* [Provided records]:

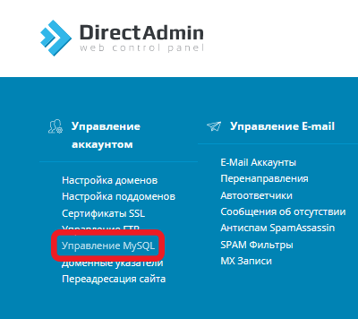 phpMyAdmin является одним из самых популярных и распространенных веб-интерфейсов для работы с базой данных MySQL/MariaDB. Он установлен и в панели хостинга DirectAdmin.
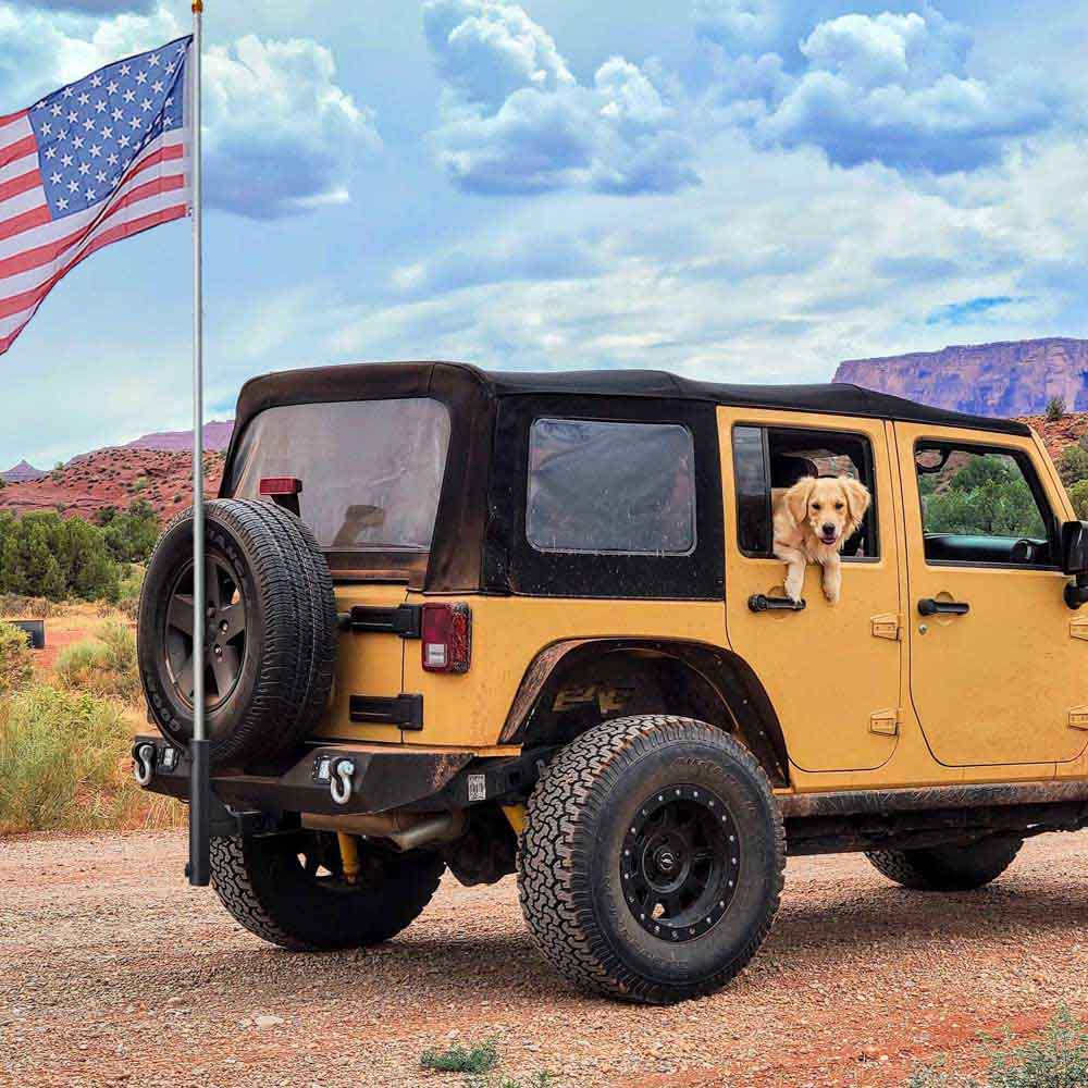 DIY Hitch Flag Pole Holder for 1 9/16" Receivers & 1"-2" Poles, which can be easily installed to jeep, RV, SUV, truck, camper, food cart and any vehicle.
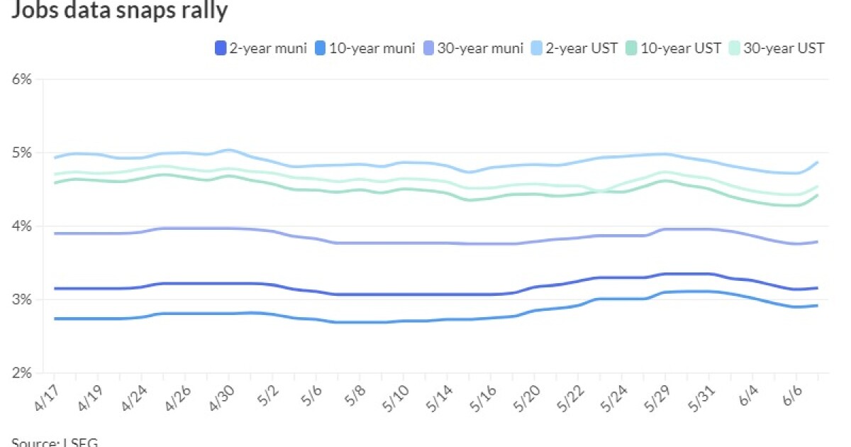 Ratios, which had risen in May, fell with Friday’s new Treasury levels, pushing muni to UST ratios lower again, depending on the triple-A scale.
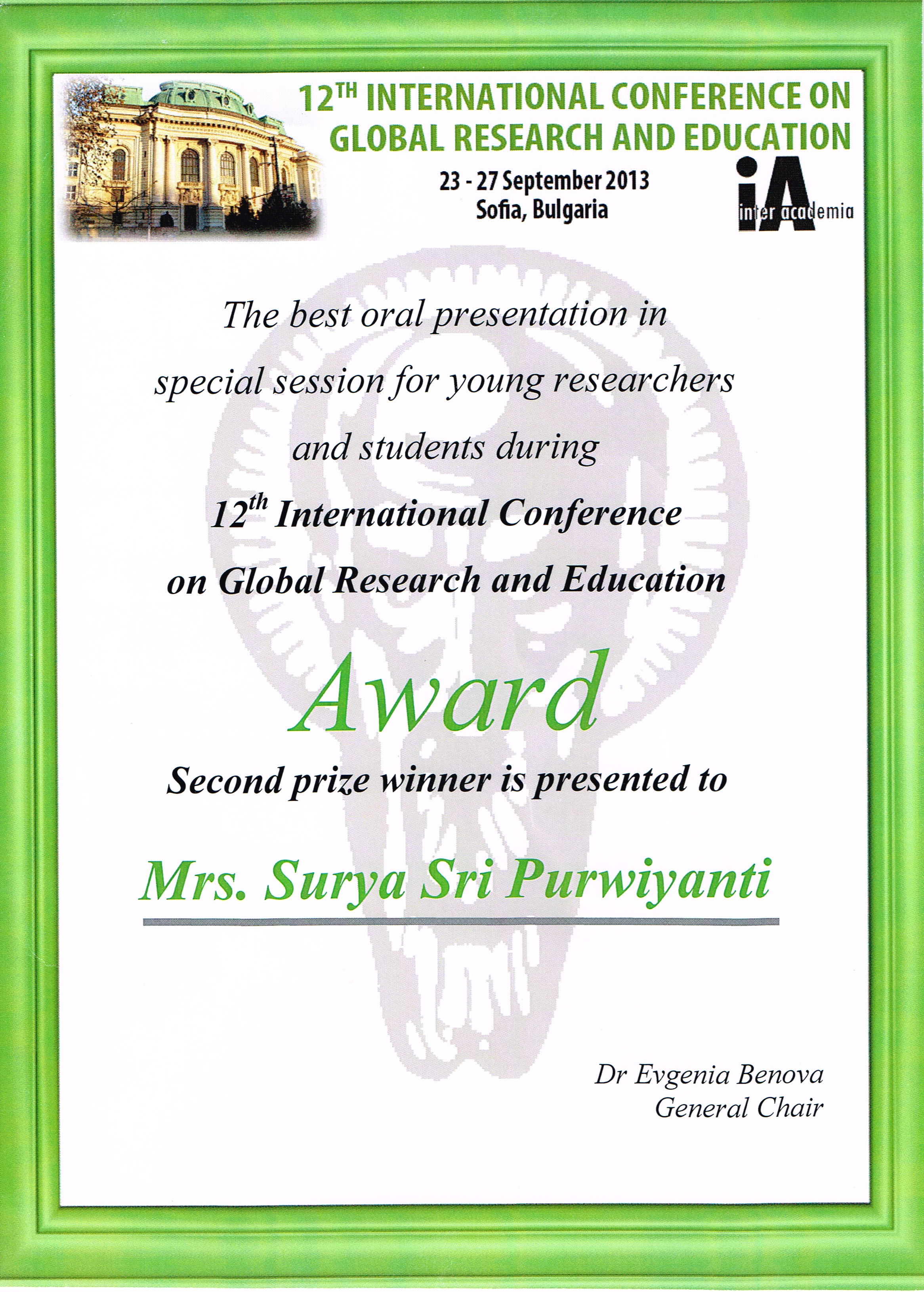「12th inter-Acedemia, Best Oral Presentation Award」受賞
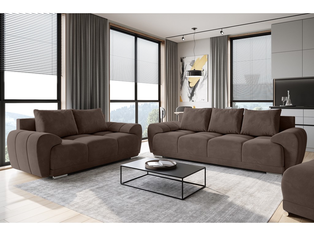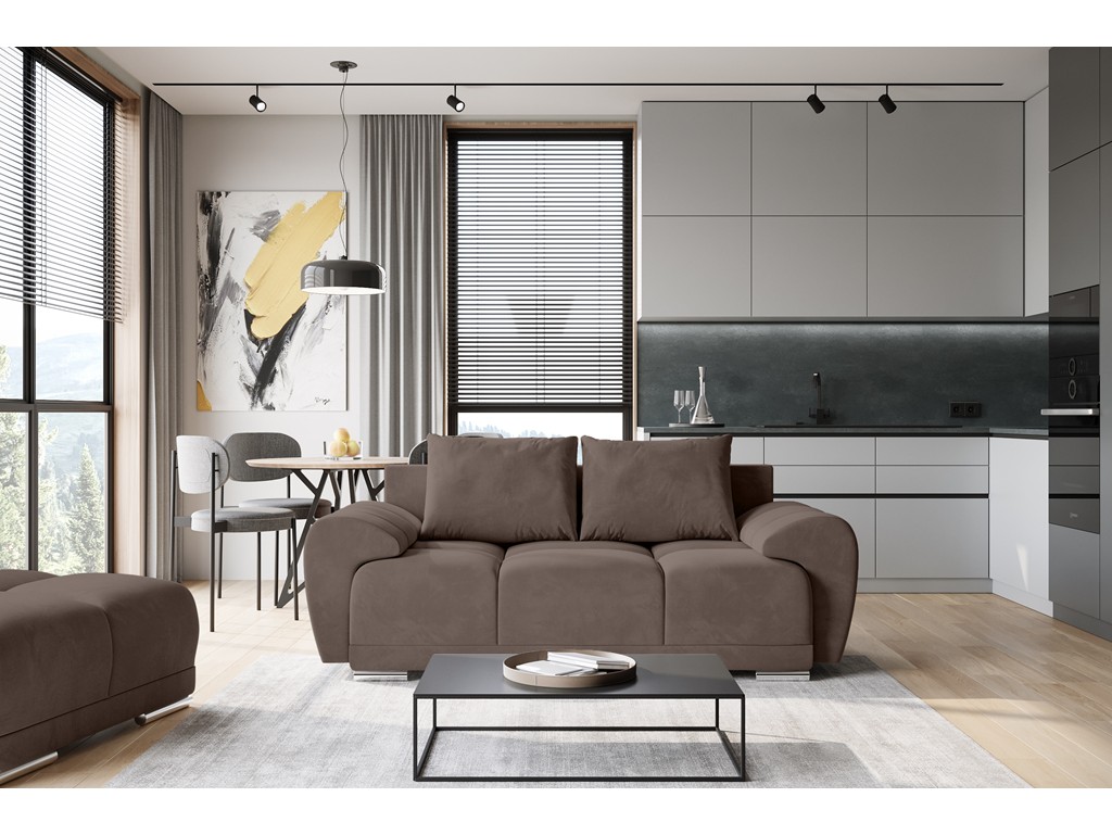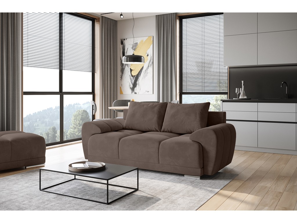 Sofa Bego 2 MO-15 w odcieniu mlecznej czekolady wprowadza do wnętrza ciepło i spójność kolorystyczną.

* [Exercise goal]:
With images omitted, retype the data word for word.

* [Problem solution]:
 phpMyAdmin является одним из самых популярных и распространенных веб-интерфейсов для работы с базой данных MySQL/MariaDB. Он установлен и в панели хостинга DirectAdmin.
 DIY Hitch Flag Pole Holder for 1 9/16" Receivers & 1"-2" Poles, which can be easily installed to jeep, RV, SUV, truck, camper, food cart and any vehicle.
 Ratios, which had risen in May, fell with Friday’s new Treasury levels, pushing muni to UST ratios lower again, depending on the triple-A scale.
「12th inter-Acedemia, Best Oral Presentation Award」受賞
 Sofa Bego 2 MO-15 w odcieniu mlecznej czekolady wprowadza do wnętrza ciepło i spójność kolorystyczną.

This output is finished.